Data segment:

===============

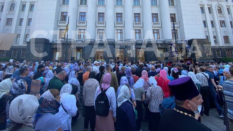 Как сообщил корреспондент "Страны", у стен ОП собралось такое количество верующих, что они заполнили все пространство на данном участке ул.Банковой.
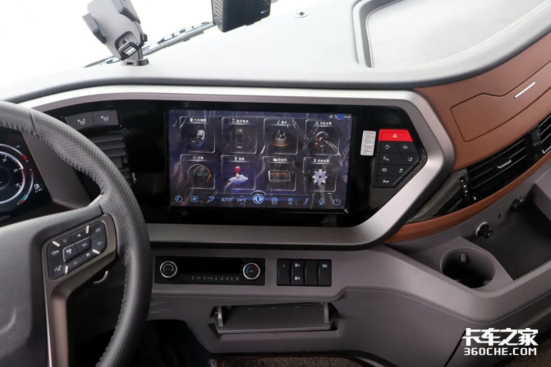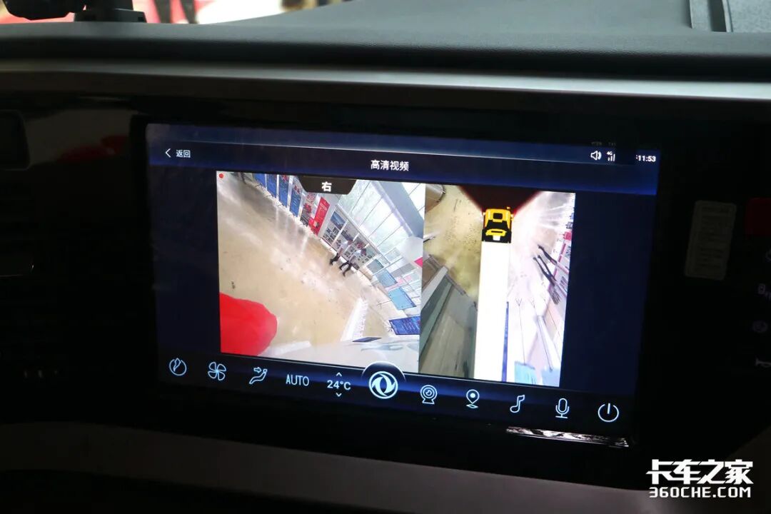 和天龙KX相同,实拍的GX车型也配备了360环视影像,这项配置的加入,无疑让卡友进出狭窄、拥挤的货场能够更加轻松,能够降低剐蹭的概率。
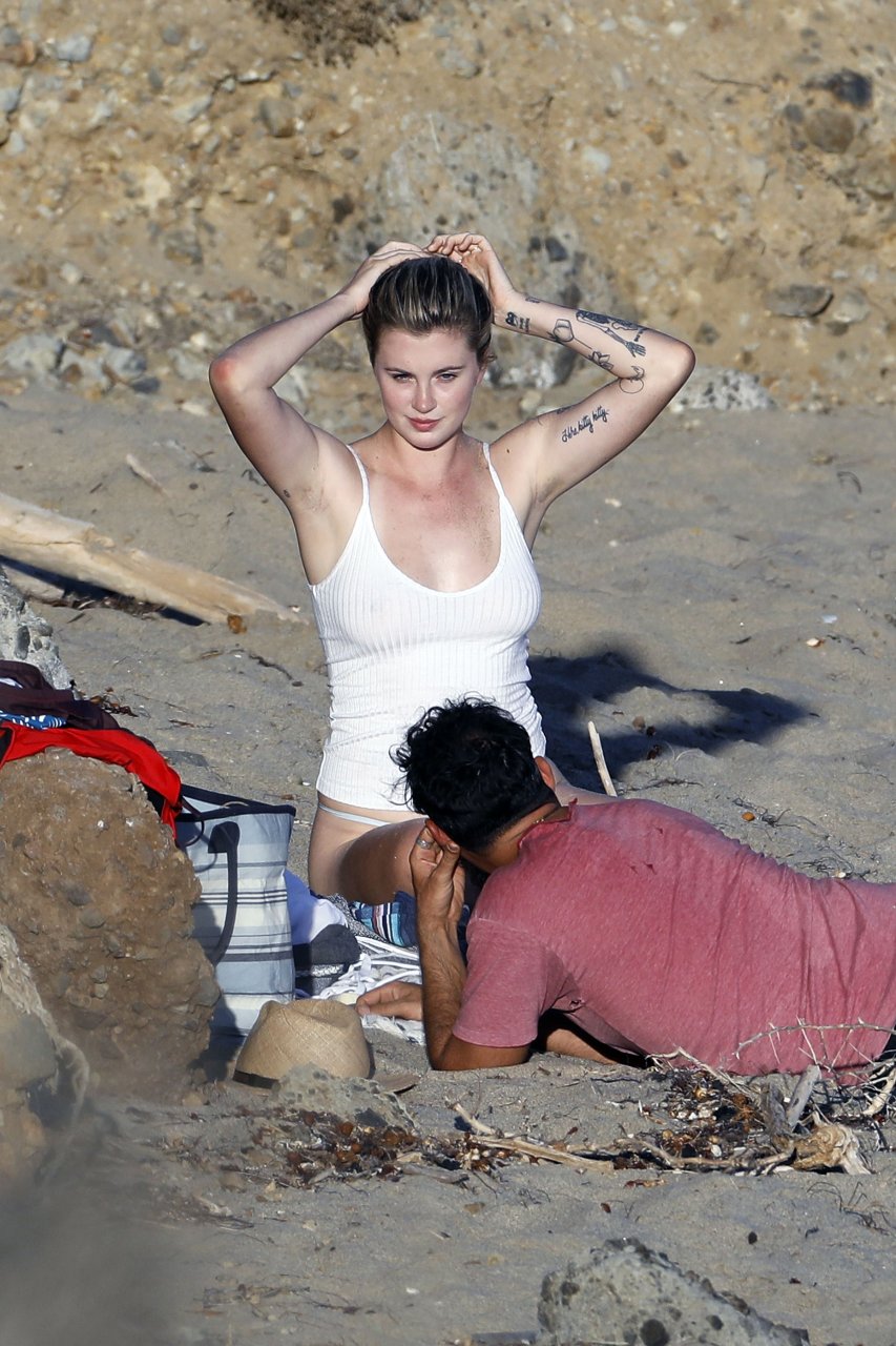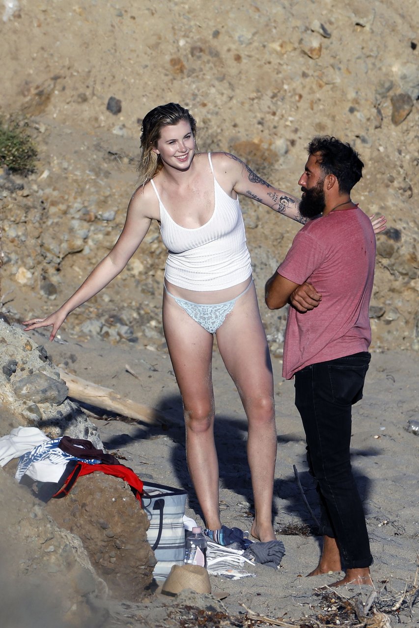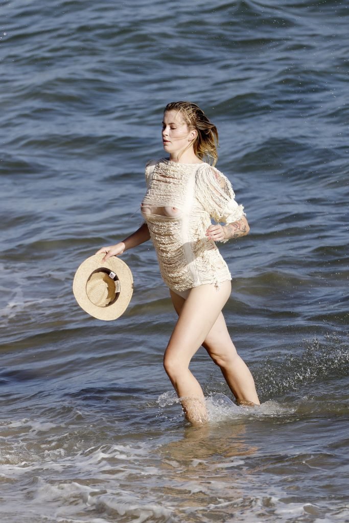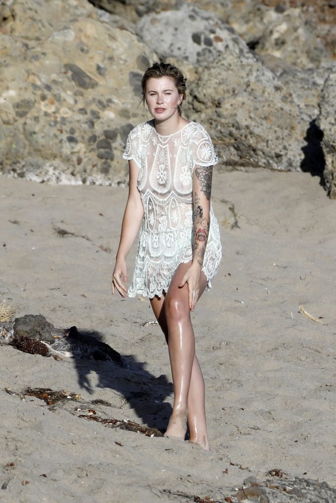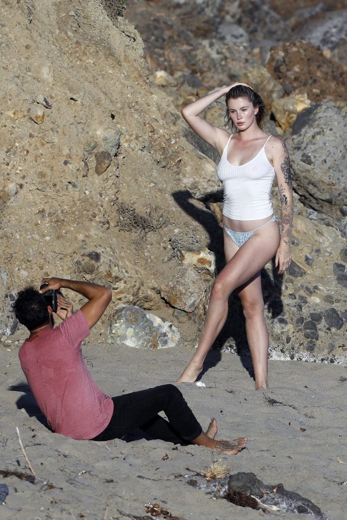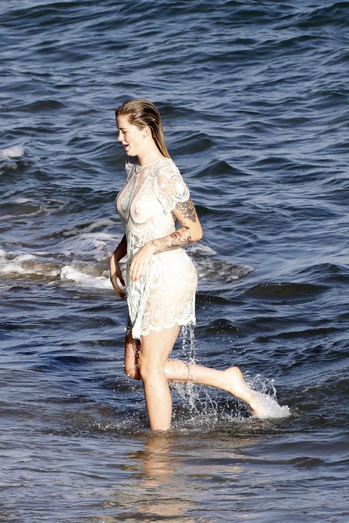 Ireland Baldwin posa para uma sessão de fotos na praia em Malibu, 05/10/2017. Ireland Baldwin-Basinger é uma modelo de moda americana, atriz (Campus Caller). Idade – 21 anos (nascida em 23 de outubro de 1995).

===============

Task statement:
Everything above except the pictures needs to be reproduced exactly.

Exercise answer:
 Как сообщил корреспондент "Страны", у стен ОП собралось такое количество верующих, что они заполнили все пространство на данном участке ул.Банковой.
 和天龙KX相同,实拍的GX车型也配备了360环视影像,这项配置的加入,无疑让卡友进出狭窄、拥挤的货场能够更加轻松,能够降低剐蹭的概率。
 Ireland Baldwin posa para uma sessão de fotos na praia em Malibu, 05/10/2017. Ireland Baldwin-Basinger é uma modelo de moda americana, atriz (Campus Caller). Idade – 21 anos (nascida em 23 de outubro de 1995).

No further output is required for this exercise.